Через час вернулся Буддо, увидел его и страшно обрадовался. Они не виделись почти неделю.

– О, да вы совсем молодец! – крикнул он, тиская Зыбина в объятиях. – После стольких‑то суток… Ну, так что все‑таки, подмахнули им, что надо? – Зыбин покачал головой. – Как? Неужели так‑таки ничего? А как же они вас тогда отпустили? А за колено что держитесь?

– Да вот… – ответил Зыбин и заголил колено.

– Здорово! – покачал головой Буддо. – Ну, с боевым крещением! Вот это уж точно законный синяк – носите его смело, никто не придерется! Чем это он вас? Сапогом, наверно! Это они любят! Вы что же, сказали ему что‑нибудь или это он так, в порядке активности?

– В порядке активности, – буркнул Зыбин и больше ничего объяснять не стал. Буддо посмотрел на него и тяжело вздохнул.

– Эх, Георгий Николаевич, Георгий Николаевич! – сказал он. – Ведь это же значит, что они за вас как следует принялись! И на конвейер поставили, и вот чем награждают. Плохо ведь дело, батенька, а? Совсем плохо! И чего вы их доводите? Что толку?

– Здравствуйте пожалуйста! Так это я их, оказывается, довожу? – усмехнулся Зыбин.

Буддо неприятно сморщился.

– Эх, оставили бы вы свой глупый гонор, батюшка, и поглядели бы в глаза, так сказать, простой сермяжной правде! Ей‑богу, это не повредило бы! Гонор, норов, «не тронь меня» – это все хорошо, когда имеет хождение. А здесь не тот банк! Тут допрос! И не просто допрос, а активный ! А это значит, что, когда вас спрашивают, надо отвечать, и отвечать не как‑нибудь, а как следует.

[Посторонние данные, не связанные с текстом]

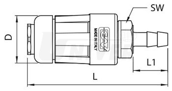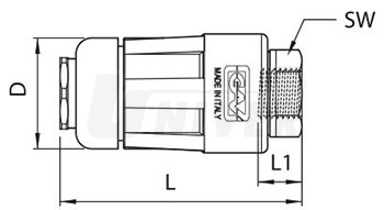 | typ | závit | L (mm) | D (mm) | L1 (mm) | SW (mm) |
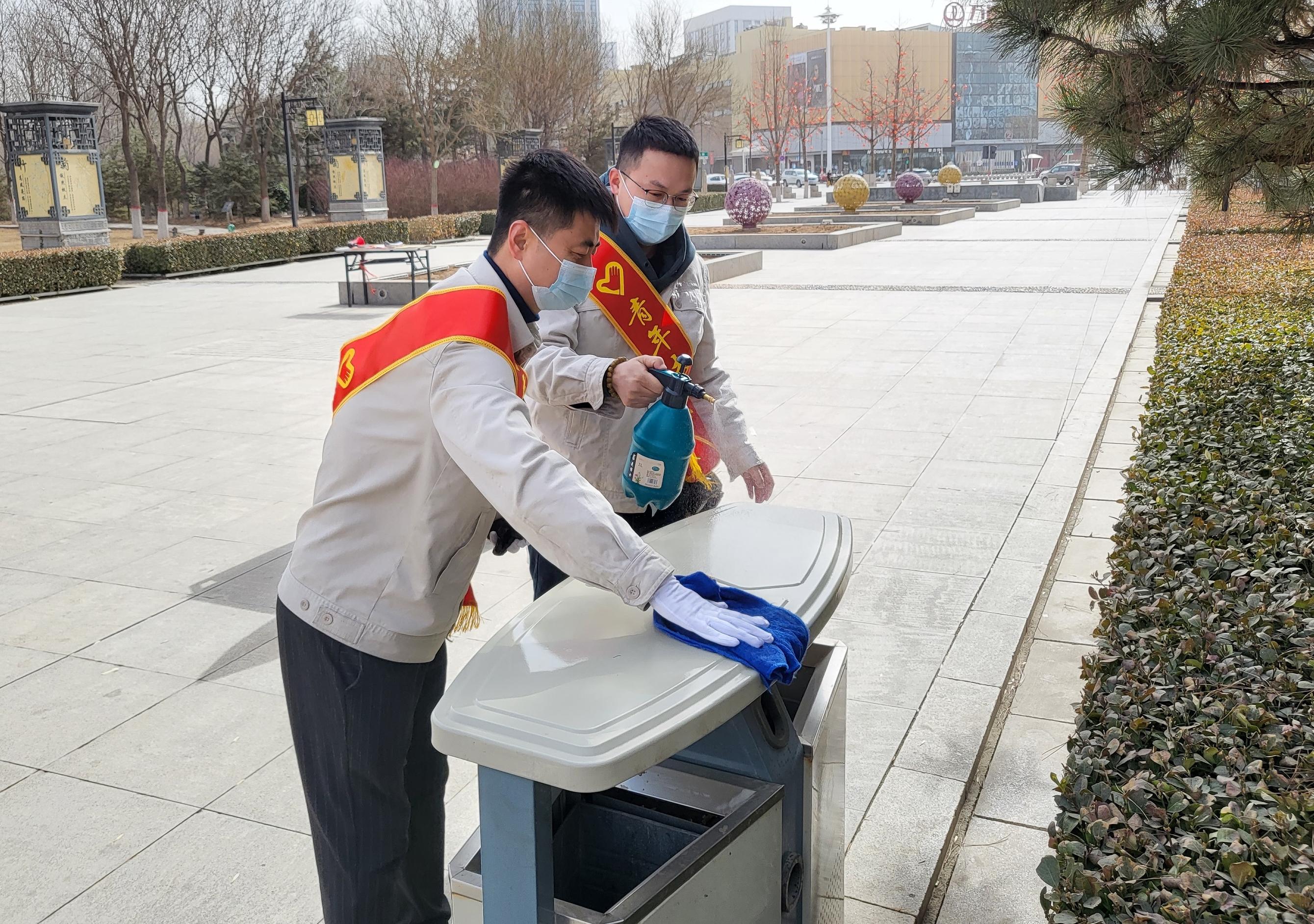 3月4日,公司20余名自愿者来到了榆次区晋商公园,重温了雷锋日志精选片断。随后,在做好自身防护的条件下,在公园内捡拾垃圾并给垃圾桶、长椅等举行了消毒。

– Да что им отвечать? Что? – вскочил Зыбин. – Ну пусть они спрашивают, я отвечу. Так ведь не спрашивают, а душу мотают: «Сознавайтесь, сознавайтесь, сознавайтесь». В чем? В чем, мать вашу так?! Вы скажите, я, может, и сознаюсь! Так не говорят же, сволочи, а душу по капле выдавливают!

– Хм, – усмехнулся Буддо, – а что же, по‑вашему, эти сволочи должны вам говорить? Это ваша обязанность – им говорить, потому что вы зек. Вот вы, я вижу, батенька, до сих пор не поняли, что же с вами случилось. А пора бы! Ох, пора бы! Вот вы послушайте меня, я вам расскажу. Наши органы отличаются тремя главными особенностями… Угодно вам не перебивая выслушать – какими?

– Ну, ну, – сказал Зыбин и лег.

– Только; тогда действительно не перебивайте. Итак, первая: никаких колебаний у них в отношении арестованного нет. Сомнения, брать вас или нет, у них были, но кончились на день раньше вашего ареста. Теперь все. Теперь вы не только арестованы, но и осуждены – не будьте же ишаком, поймите, что происходит, и тогда все обернется легко и для вас и для следователя! И не фырчите на него, что там фырчать? Не он вас сюда затащил, и не он вас отпустит. Его дело собачье – оформил и сдал. Но ведь и оформить‑то тоже нелегко. Форм много, и у каждой свой оттеночек. Положим, что все, кто тут сидит, контрреволюционеры – это так! Но ведь у агитатора одни родовые признаки, у шпиона другие, у вредителя третьи. Тут все должно сходиться по инструкции: знакомство, высказывания, национальность, с кем пьет, с кем живет, все, все!

– Одним словом, – усмехнулся Зыбин, – я не личность, а преступник, определенный заранее, вот как жучок в определителе: такие‑то усики, такие‑то крылышки, надкрылышки, жевальца. Определили на булавку, так?

– Может, по‑вашему, по‑ученому, и так – не знаю. Ну а вот насчет преступника вы опять ошибаетесь. Не преступник вы, а человек, и‑зо‑ли‑ру‑емый от общества! Ибо – вот это и есть второй принцип – вы, голубчик, человек вредный, сомнительный, не советский.

– А чей же?

– А батюшка вас знает, чей вы, ну, наверно, вот тех господ, что сидят за рубежом да на нас с вами зубы скалят: Чемберлена, лорда Керзона, господина Форда – акул капитализма.

– А откуда же вы взяли, что я такой?

– Я‑то ниоткуда не взял, а они – из всего вашего облика. Из ваших манер: ходите боком, подсмеиваетесь, шуточки‑прибауточки какие‑то отпускаете. А над чем смеяться‑то? Смеяться сейчас не над чем! Время серьезное! Смеются вон в парках на гуляний – а вы небось у себя дома норовите смеяться, за закрытыми дверями! С компанией! Это не полагается – подозрительно! Да и вообще… Вот скажите прямо: вы признаете, что наши вожди – это и есть самая доподлинная народная власть? И что никакой иной не только не было, но и не должно быть! Признаете или нет? Но прямо, прямо…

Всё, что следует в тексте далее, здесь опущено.